§ **SUPPLIED DATA**
- - - - - - -
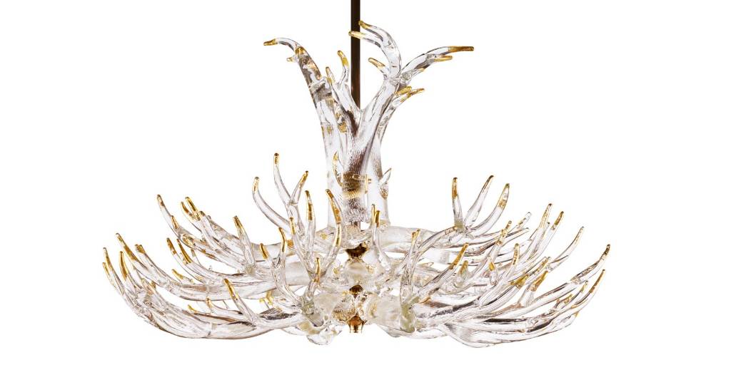 Hand sculpted molten glass formed into 23 antlers with 24k gold leaf tips. 4 maginficent tiers. 45"dia. Polished brass solid hardware construction., TEAR SHEET, Gallery Images, Standard Sizes,Custom configurations available,© 2024 Studio Bel Vetro ,TERMS, | ,FREIGHT
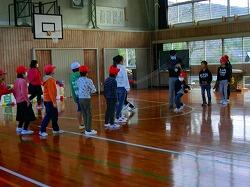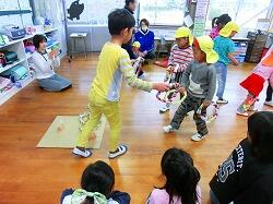 交流会では、一緒にじゃんけん貨物列車、輪投げ、だるまさんがころんだ等の交流ゲームをしたり、読み聞かせ、授業参観、3・4年生が図工遊びで造形遊びで作った段ボールのひみつ基地で遊んだりと、楽しい交流ができました。
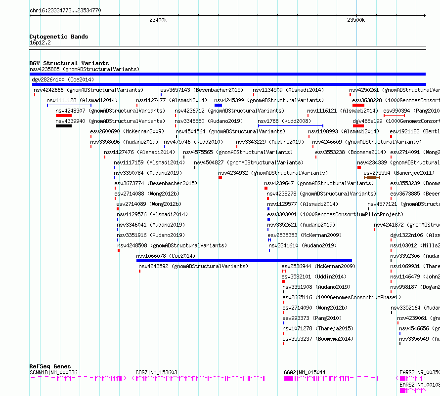 Variant DetailsVariant: nsv4235885 Internal ID | 20088029 | Landmark | | Location Information | | Cytoband | 16p12.2 | Allele length | Assembly | Allele length | hg38 | 199998 | hg19 | 199998 |
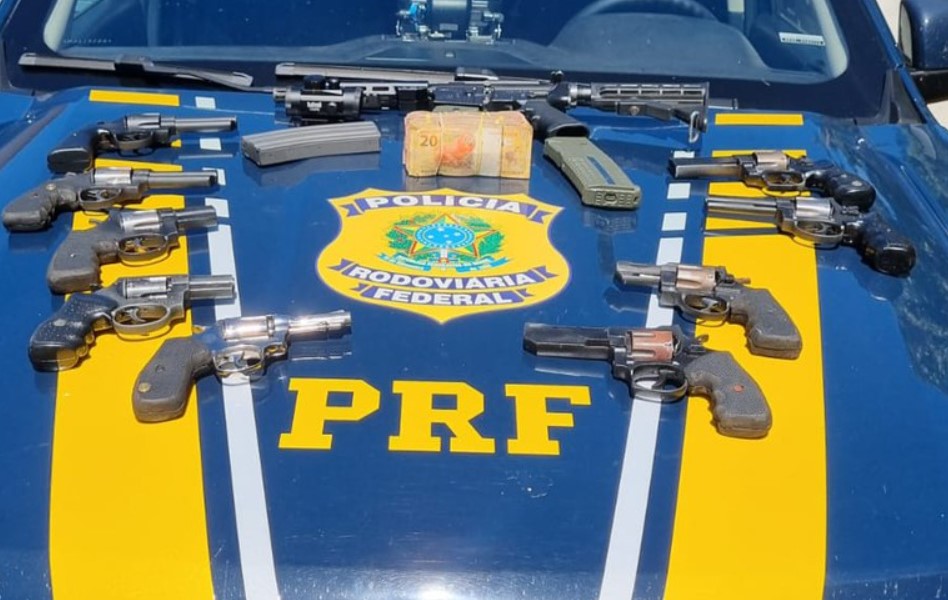 A Polícia Rodoviária Federal apreendeu um fuzil calibre 5.56, nove revólveres, três carregadores, uma mira holográfica e R$ 4.780 durante uma abordagem realizada na segunda-feira (5) em Londrina, no norte do Paraná.
- - - - - - -
§ **DIRECTIONS FOR THIS TASK**
Nothing but the pictures should be left out when the material above is copied.

§ **RESPONSE BOX**
 Hand sculpted molten glass formed into 23 antlers with 24k gold leaf tips. 4 maginficent tiers. 45"dia. Polished brass solid hardware construction., TEAR SHEET, Gallery Images, Standard Sizes,Custom configurations available,© 2024 Studio Bel Vetro ,TERMS, | ,FREIGHT
 交流会では、一緒にじゃんけん貨物列車、輪投げ、だるまさんがころんだ等の交流ゲームをしたり、読み聞かせ、授業参観、3・4年生が図工遊びで造形遊びで作った段ボールのひみつ基地で遊んだりと、楽しい交流ができました。
 Variant DetailsVariant: nsv4235885 Internal ID | 20088029 | Landmark | | Location Information | | Cytoband | 16p12.2 | Allele length | Assembly | Allele length | hg38 | 199998 | hg19 | 199998 |
 A Polícia Rodoviária Federal apreendeu um fuzil calibre 5.56, nove revólveres, três carregadores, uma mira holográfica e R$ 4.780 durante uma abordagem realizada na segunda-feira (5) em Londrina, no norte do Paraná.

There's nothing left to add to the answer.